An AWS Professional Service open source initiative | aws-proserve-opensource@amazon.com
Quick Start¶
>>> pip install awswrangler
import awswrangler as wr
import pandas as pd
from datetime import datetime
df = pd.DataFrame({"id": [1, 2], "value": ["foo", "boo"]})
# Storing data on Data Lake
wr.s3.to_parquet(
df=df,
path="s3://bucket/dataset/",
dataset=True,
database="my_db",
table="my_table"
)
# Retrieving the data directly from Amazon S3
df = wr.s3.read_parquet("s3://bucket/dataset/", dataset=True)
# Retrieving the data from Amazon Athena
df = wr.athena.read_sql_query("SELECT * FROM my_table", database="my_db")
# Get a Redshift connection from Glue Catalog and retrieving data from Redshift Spectrum
con = wr.redshift.connect("my-glue-connection")
df = wr.redshift.read_sql_query("SELECT * FROM external_schema.my_table", con=con)
con.close()
# Amazon Timestream Write
df = pd.DataFrame({
"time": [datetime.now(), datetime.now()],
"my_dimension": ["foo", "boo"],
"measure": [1.0, 1.1],
})
rejected_records = wr.timestream.write(df,
database="sampleDB",
table="sampleTable",
time_col="time",
measure_col="measure",
dimensions_cols=["my_dimension"],
)
# Amazon Timestream Query
wr.timestream.query("""
SELECT time, measure_value::double, my_dimension
FROM "sampleDB"."sampleTable" ORDER BY time DESC LIMIT 3
""")
Read The Docs¶
What is AWS Data Wrangler?¶
An AWS Professional Service open source python initiative that extends the power of Pandas library to AWS connecting DataFrames and AWS data related services.
Easy integration with Athena, Glue, Redshift, Timestream, QuickSight, Chime, CloudWatchLogs, DynamoDB, EMR, SecretManager, PostgreSQL, MySQL, SQLServer and S3 (Parquet, CSV, JSON and EXCEL).
Built on top of other open-source projects like Pandas, Apache Arrow and Boto3, it offers abstracted functions to execute usual ETL tasks like load/unload data from Data Lakes, Data Warehouses and Databases.
Check our tutorials or the list of functionalities.
Install¶
AWS Data Wrangler runs with Python 3.6
, 3.7
and 3.8
and on several platforms (AWS Lambda, AWS Glue Python Shell, EMR, EC2,
on-premises, Amazon SageMaker, local, etc).
- Some good practices for most of the methods bellow are:
Use new and individual Virtual Environments for each project (venv).
On Notebooks, always restart your kernel after installations.
Note
If you want to use awswrangler
for connecting to Microsoft SQL Server, some additional configuration is needed.

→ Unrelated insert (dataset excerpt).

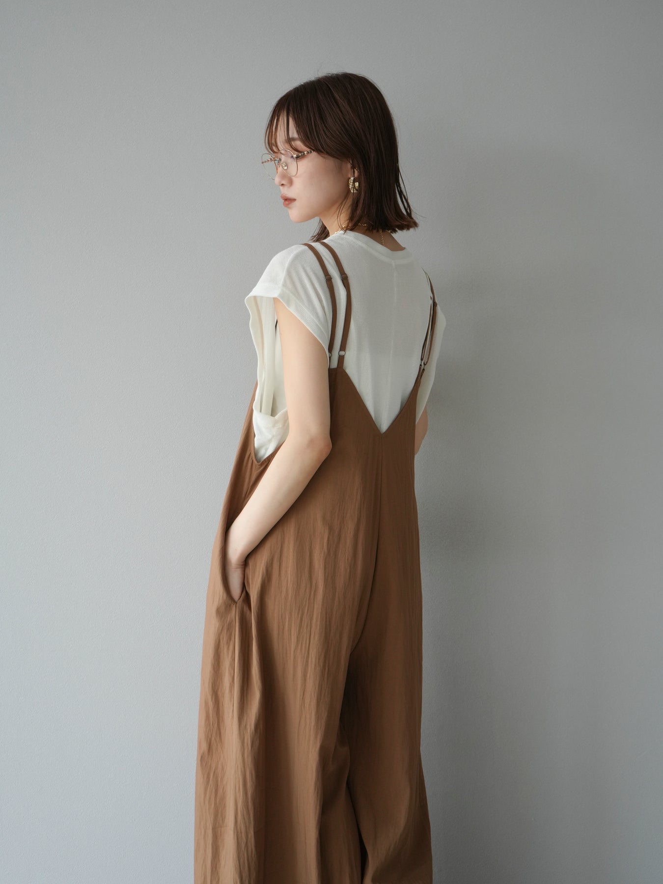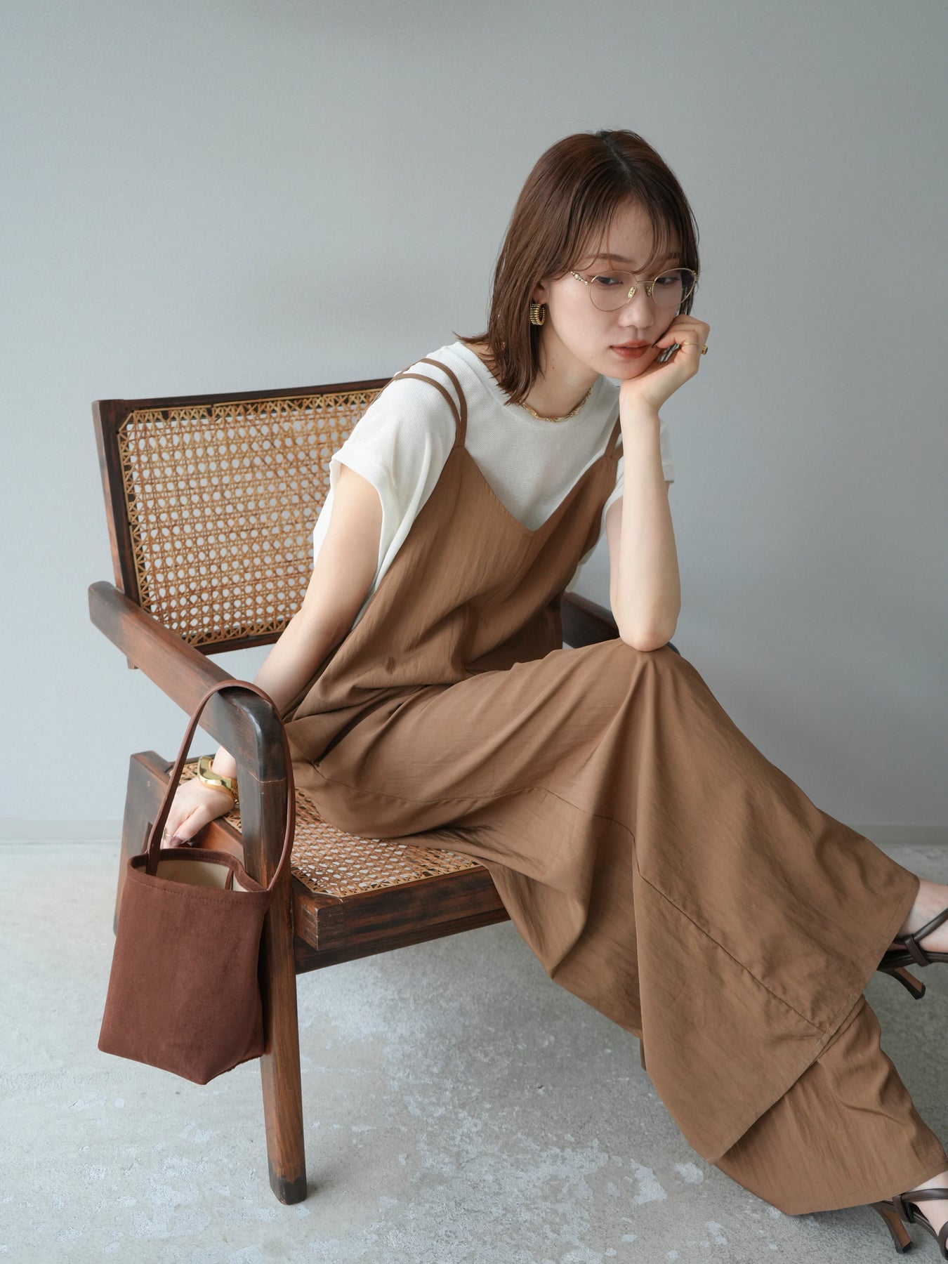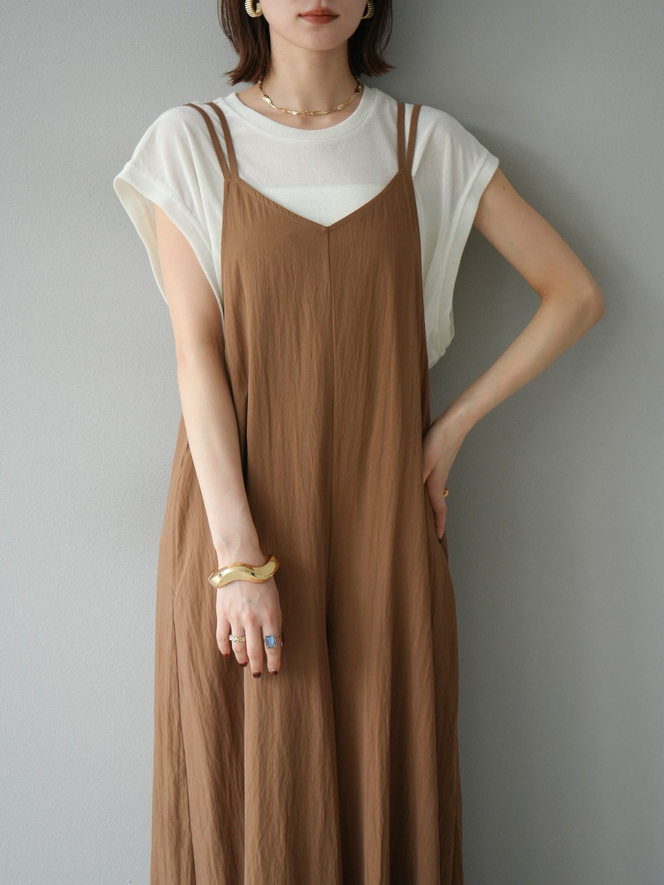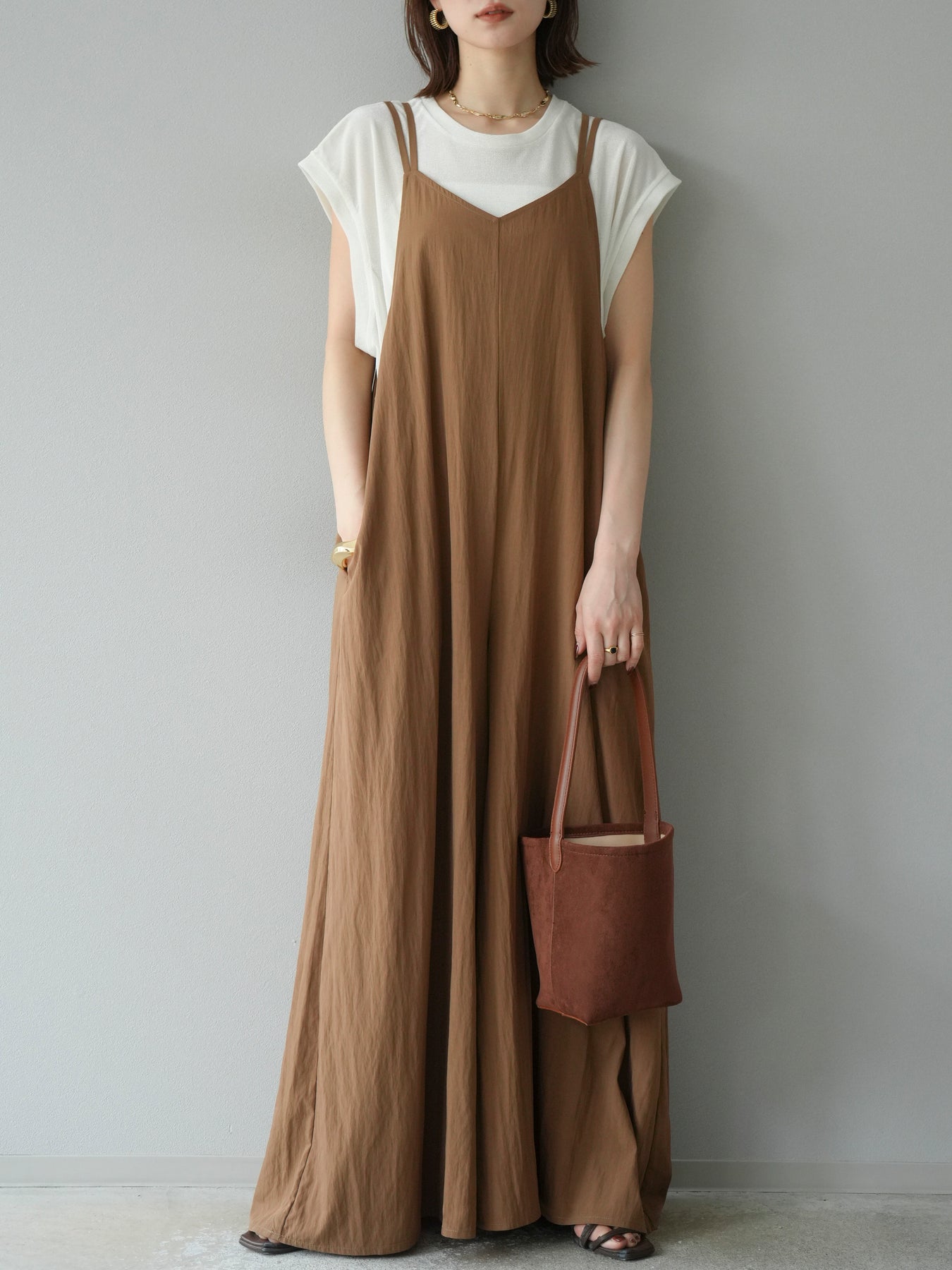 上品な透け感と繊細なフロッキー加工が魅力の、ルーズシルエットノースリーブTシャツ。 軽やかなシアーベロア素材に、マットなフロッキーを施すことで、華やかさとモード感を両立。ほどよく身体から離れるルーズなシルエットが、リラクシーながらも抜け感のあるスタイルを演出します。 Tシャツ感覚でさらりと着られつつ、インナー使いにもぴったりな1枚。ジャンプスーツやキャミワンピのインにレイヤードしても、モードな印象に仕上がります。 カジュアルとフェミニンの絶妙なバランスで、1枚で着映えする今季の主役トップスです。

Please have a look at the corresponding section below.
PyPI (pip)¶
>>> pip install awswrangler
Conda¶
>>> conda install -c conda-forge awswrangler
AWS Lambda Layer¶
1 - Go to GitHub’s release section and download the layer zip related to the desired version.
2 - Go to the AWS Lambda Panel, open the layer section (left side) and click create layer.
3 - Set name and python version, upload your fresh downloaded zip file and press create to create the layer.
4 - Go to your Lambda and select your new layer!
AWS Glue Python Shell Jobs¶
1 - Go to GitHub’s release page and download the wheel file (.whl) related to the desired version.
2 - Upload the wheel file to any Amazon S3 location.
3 - Go to your Glue Python Shell job and point to the wheel file on S3 in the Python library path field.
AWS Glue PySpark Jobs¶
Note
AWS Data Wrangler has compiled dependencies (C/C++) so there is only support for Glue PySpark Jobs >= 2.0
.
Go to your Glue PySpark job and create a new Job parameters key/value:
Key:
--additional-python-modules
Value:
awswrangler
To install a specific version, set the value for above Job parameter as follows:
Value:
awswrangler==2.3.0
Amazon SageMaker Notebook¶
Run this command in any Python 3 notebook paragraph and then make sure to restart the kernel before import the awswrangler package.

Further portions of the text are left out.